To examine whether colostral growth factors are transferred to the general circulation, concentrations of plasma cortisol, insulin, prolactin, growth hormone, insulin-like growth factors(IGFs) -I and -II, IGF-binding proteins(IGFBPs) and total protein were measured in newborn calves fed colostrums, milk of milk replacer before and after feeding at 12 h intervals during the first two days after birth. Plasma protein concentrations increased with time after than in milk- or milk replacer-fed calves. The mean protein concentration was greater in colostrum-fed than in milk- or milk replacer-fed calves. Plasma cortisol levels transiently declined after each feeding regardless of the type of diet, while insulin levels tended to increase. Mean concentrations of these hormones did not differ between dietary groups, nor did they change with time after birth.
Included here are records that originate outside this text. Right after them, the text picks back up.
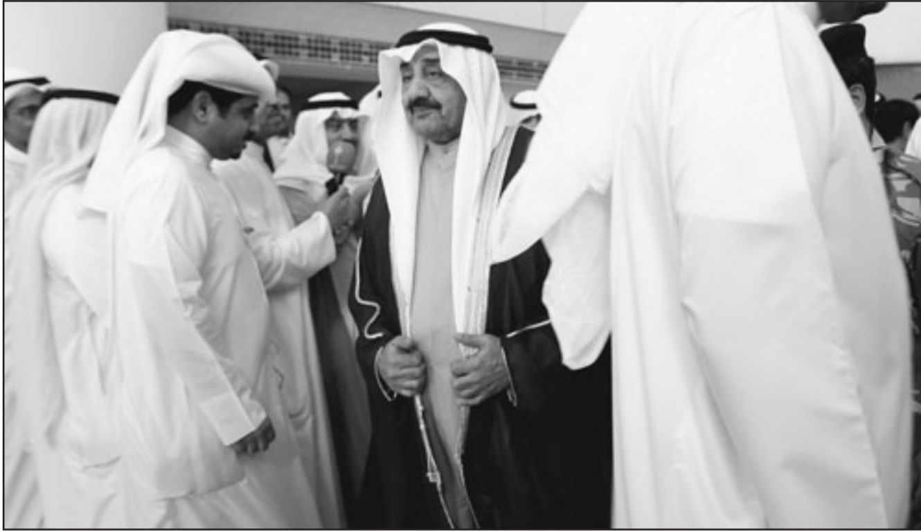
رئيس مجلس النواب الكويتي جاسم الخرافي مغادرا مبنى البرلمان امس

الحكومة السابقة في تشرين الثاني (نوفمبر) الماضي قبل أن يكلفه أمير البلاد مرة أخرى بتشكيل حكومة جديدة قدمت استقالته الثلاثاء،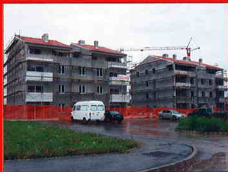
STAMBENE GRADEVINE S-6 i S-7, UMAG Investitor: Građevinar d.o.o. Umag Površina: 1.650 m 2 Predviđeni završetak radova: srpanj 2007.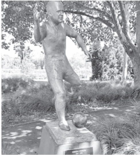
A szobor négy évvel ezelőtti (b) és mostani állapotában

magyar emigrációnak fontos környék, mivel az 1956-os olimpia legtöbb versenye ott zajlott, így a többi között a híres magyar-szovjet vízilabda-mérkőzés is, továbbá közel van az a stadion, ahol Puskás Ferenc – már edzőként – ausztrál bajnoki címet és kupagyőzelmet ünnepelhetett a South Melbourne Helas együttesével.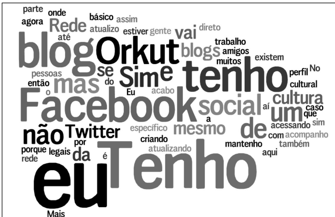
Figura 19 – Possui blogs ou perfil em redes sociais.

Dessa forma, a internet passa a configurar como o veículo de informação que possibilita uma participação ativa entre emissor e receptor, havendo a troca de mensagens emitidas por ambos os lados do processo de forma instantânea, fato esse que motiva os seus usuários a se inserirem nesses ambientes e não somente acompanhar os conteúdos publicados.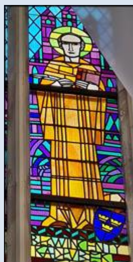
Oświęcim, Sankt. MB Wspomożenia Wiernych (zdz. pw)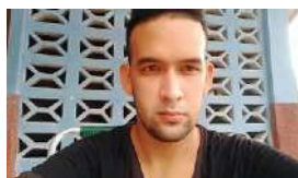
"NO HAY QUIEN ME CALLE", DICE UN PROFESOR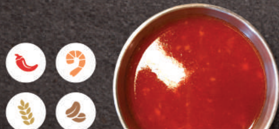
Hot Barbecue Sauce 핫 바베크 소스 辣烤酱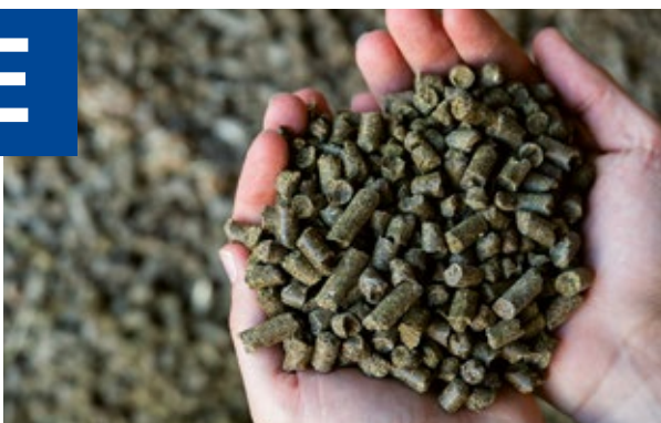
Cels minéraux / vitamines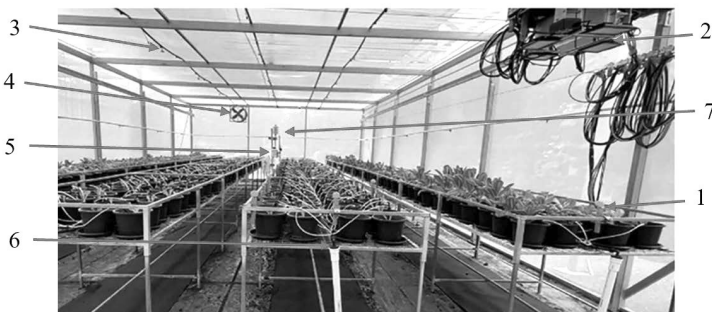
Рисунок 1 – Теплиця з автоматичною системою мікроклімату

Для забезпечення сталого значення вологості повітря в середині замкнутого об'єму повітря тепличного об'єкта використовують різні типи зволоження. Це може бути природне зволоження, крапельне зволоження, туманоутворююче зволоження, зрошення огороджувальної конструкції та автоматичні системи мікроклімату. Автоматичні системи зволоження складаються з: контролера (5), система туманоутворення (3), системи повітрообміну (4), крапельного поливу (6), системи освітлення та обігріву (2), а також датчиків (1,7) (рисунк 1) [3,4]: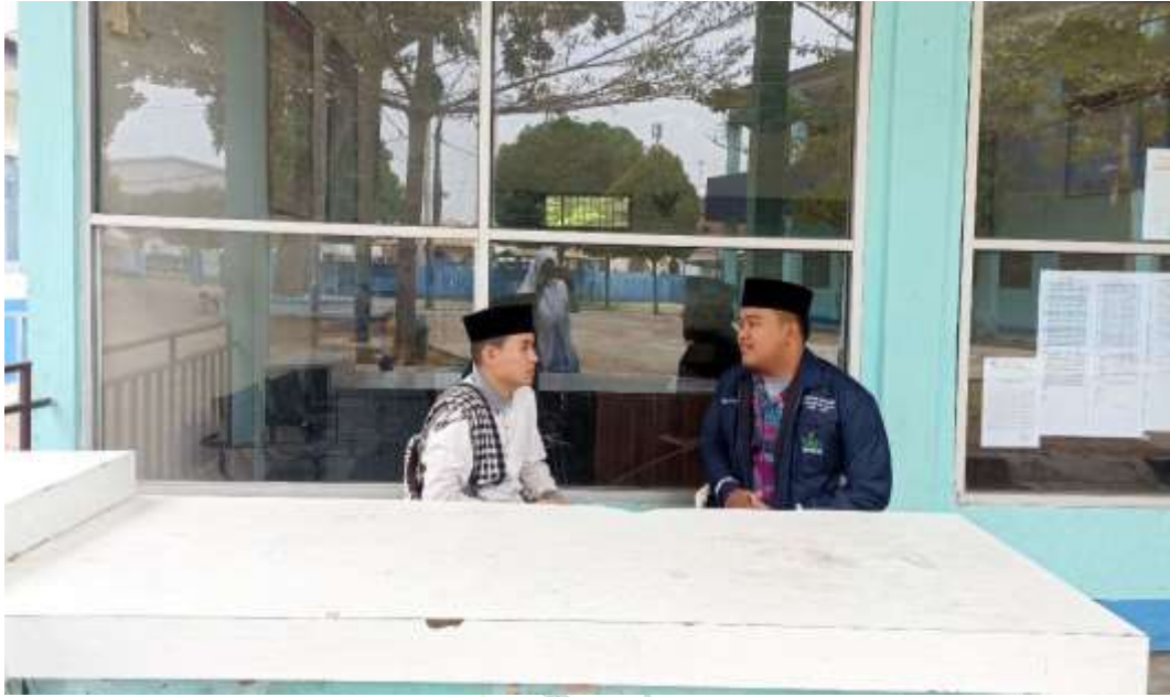
Gambar 9 Wawancara Dengan Pengasuh Asrama Pesantren Al Mukhlisin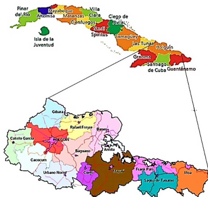
Figura 1. Mapa político administrativo de Cuba y la provincia de Holguín con sus 14 municipios.

Holguín es un territorio compacto formado por 14 municipios (Fig. 1), que son: Holguín, Antilla, Báguamo, Banes, Cacocum, Calixto García, Cueto, Frank País, Gibara, Mayarí, Moa, Rafael Freyre, Sagua de Tánamo y Urbano Noris (NANC, 1989).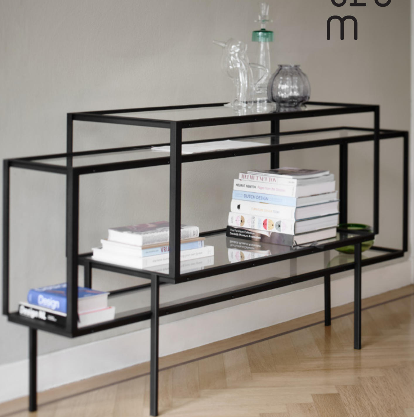
Tangled Kabinettschrank Carolina Wilcke - 2015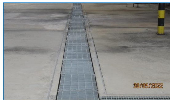
ภาพถ่ายที่ 2.2-12 รางระบายน้ำภายในพื้นที่โครงการ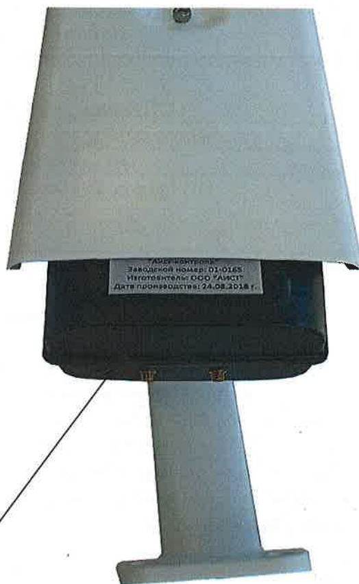
Схема пломбировки от несанкционированного доступа и маркировки комплексов представлена на рисунке 2.

Место пломбировки от несанкционированного доступа

Plasma concentrations of prolactin and growth hormone did not differ between dietary groups and also did not change with time after birth or after feeding. Concentrations of IGF-I and IGF-II transiently increased at the second feeding period, but these, as well as plasma IGFBP profiles, were not different between groups or before and after feeding. Results did not indicate significant transfer of colostral growth factors across the newborn ruminant small intestine.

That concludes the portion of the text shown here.